There's a passage in Leslie Marmon Silko's 1977 novel Ceremony, about a native American soldier who'd been held captive by the Japanese during the Second World War, that has haunted John Vaillant for a very long time: "I will tell you something about stories," it begins. "They aren't just entertainment. Don't be fooled. They are all we have, you see, all we have to fight off illness and death. You don't have anything if you don't have the stories." He was about 20 years old when he first encountered these words, himself a burgeoning writer, and in the years since – Vaillant is now 52 – he's bought and given away countless copies of the novel.
"Those lines have stayed in me," he says. "I wanted [to write] a story that proves that. And this is that story."

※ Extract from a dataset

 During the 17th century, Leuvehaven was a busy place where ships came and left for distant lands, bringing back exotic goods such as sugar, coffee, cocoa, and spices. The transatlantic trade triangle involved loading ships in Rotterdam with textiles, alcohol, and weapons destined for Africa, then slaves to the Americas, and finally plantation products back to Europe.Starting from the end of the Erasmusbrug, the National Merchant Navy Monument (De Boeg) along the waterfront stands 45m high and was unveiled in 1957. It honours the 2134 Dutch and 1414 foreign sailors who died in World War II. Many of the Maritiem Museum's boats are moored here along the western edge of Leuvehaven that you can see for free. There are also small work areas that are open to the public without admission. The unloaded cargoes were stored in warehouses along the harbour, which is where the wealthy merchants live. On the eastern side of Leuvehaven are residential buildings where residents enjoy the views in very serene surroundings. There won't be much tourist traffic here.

This is The Jaguar's Children, which arrived in stores earlier this month. It's one of January's most anticipated books not just because of the subject matter – The Jaguar's Children tackles topics as disparate as illegal immigration, early-20th-century archeology and genetically modified crops – but also for the fact it is Vaillant's debut novel. Over the past decade, Vaillant – pronounced "valiant" – has established himself as one of Canada's finest literary journalists, his work appearing in publications ranging from National Geographic to The New Yorker. His first book, 2005's The Golden Spruce, about a sacred 300-year-old tree and the man who destroyed it, won the Governor-General's Literary Award. The next, 2010's The Tiger, which recounts the story of a vengeance-seeking man-eater, was translated into 15 languages, won the B.C. National Award for Canadian Non-Fiction, and was optioned for film by Brad Pitt's production company. Last year, his non-fiction earned him a Windham Campbell Prize, which comes with a cheque for $150,000 (U.S.). And yet …

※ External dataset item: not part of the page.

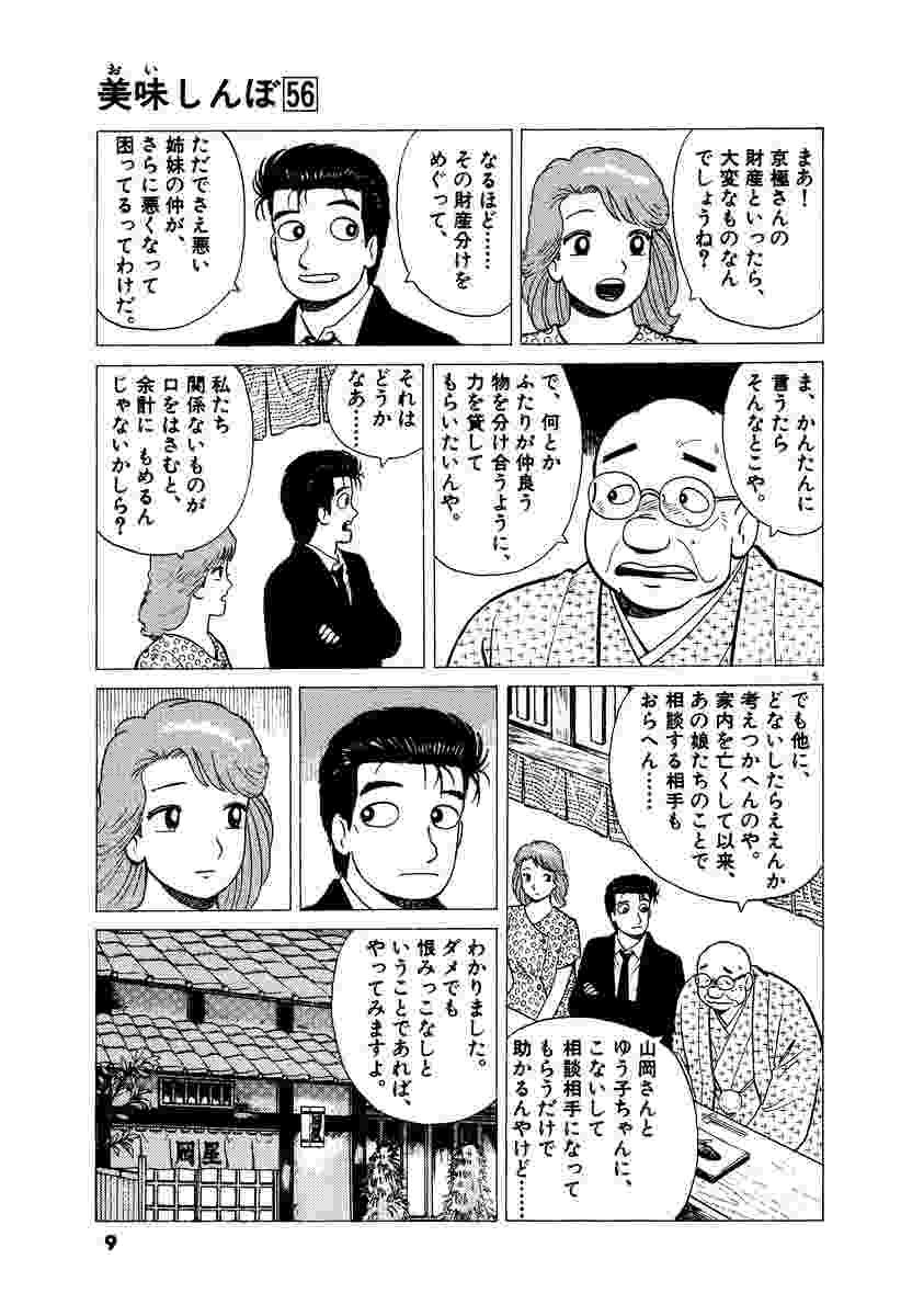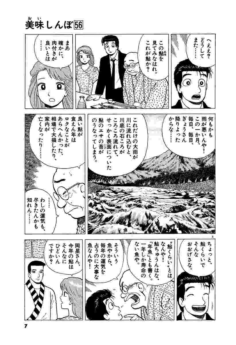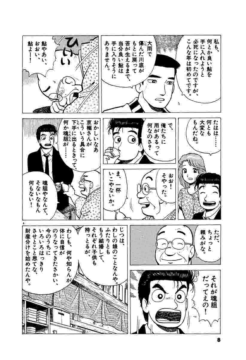 「食」ブームを巻き起こし、アニメ、映画化された大人気コミック! ▼第1話/鮎と姉妹(鮎寿司、苦ウルカ)▼第2話/餡と生きがい・前編、後編(じょう蕷饅頭、金団、金つば)▼第3話/恋のキリタンポ・前編、中編、後編(ニボト、キリタンポ鍋、比内鶏の焼き物)▼第4話/機転の鯛料理(鯛の刺身、鯛のあらの吸い物、鯛の天ぷら)▼第5話/犬を食べる・前編、後編(犬鍋、ヘビ鍋) ●登場人物/山岡士郎(東西新聞文化部員・膨大な食の知識を持つ。東西新聞の壮大な企画「究極のメニュー」の作成を担当)。栗田ゆう子(東西新聞文化部員・夫の山岡とともに「究極のメニュー」を担当する)。 ●あらすじ/莫大な財産を持つ京極は、仲の悪いふたりの娘にどのように遺産分配をすればいいものかと頭を悩ませている。しかし、ふたりは仲が悪いどころか、実はとっても仲良しで…(第1話)。▼大学時代の恩師を訪ねた山岡夫妻は、将来の目標が定まらずに毎日フラフラしている恩師の息子・一良に会う。そこに、和菓子職人である一良の祖父が、一良が子供の頃好物だったという和菓子を持って現われるのだが、「餡なんて下品な味がして大嫌いだ!」と一良は家を飛び出してしまう!(第2話) ●本巻の特徴/ゆう子の兄・誠の恋の話が描かれる(第3話)。 ●その他の登場キャラクター/京極万太郎(第1話)、「岡星」主人(第1話) ●その他DATA/表紙写真~キリタンポ鍋[調理/昔のきりたんぽや]

"I feel like The Golden Spruce and The Tiger were my apprenticeship for writing a novel," he says, sitting in his publisher's Toronto office on a recent morning. "I didn't have, until very recently, the technique or the maturity or the creative intelligence to handle a novel." Now that he's finished one, "I see what the fuss is about. I have a lot more admiration and respect for novelists – not that I didn't before, but I have a more intimate understanding and admiration, having been through the whole process now: the struggles and uncertainties along with the joys and the highs. It's a really amazing space to inhabit."
The space inhabited by the characters in The Jaguar's Children is the tank of a water truck. It's a killer set-up, in both senses of the word: The opening page is comprised of texts sent by a young man named Hector, who has been abandoned somewhere in the desert by the coyotes paid to smuggle him across the Mexico-U.S. border. In total, 15 people are trapped inside the tank, including his friend Cesar, who has been knocked unconscious. The novel is told through a series of voice messages Hector records for a woman named AnniMac, the sole American contact in Cesar's cellphone; he hopes if and when reception improves she'll receive his messages and send for help. Until that happens, he sits in the dark, recounting the events that have led both him and Cesar to risk their lives attempting to cross into the United States. It's a novel, says Vaillant, about how storytelling is a survival instinct. "This is how Hector escapes when he can't escape."
He began the novel in 2009, not long after his family left Vancouver for Oaxaca, a state in southern Mexico. (His wife, a potter and anthropologist, spearheaded the move.) It was not the first time he'd found himself starting a new life in a new country (Vaillant, originally from Cambridge, Mass., immigrated to Canada in 1998), but the "culture shock" was unlike anything he'd experienced before.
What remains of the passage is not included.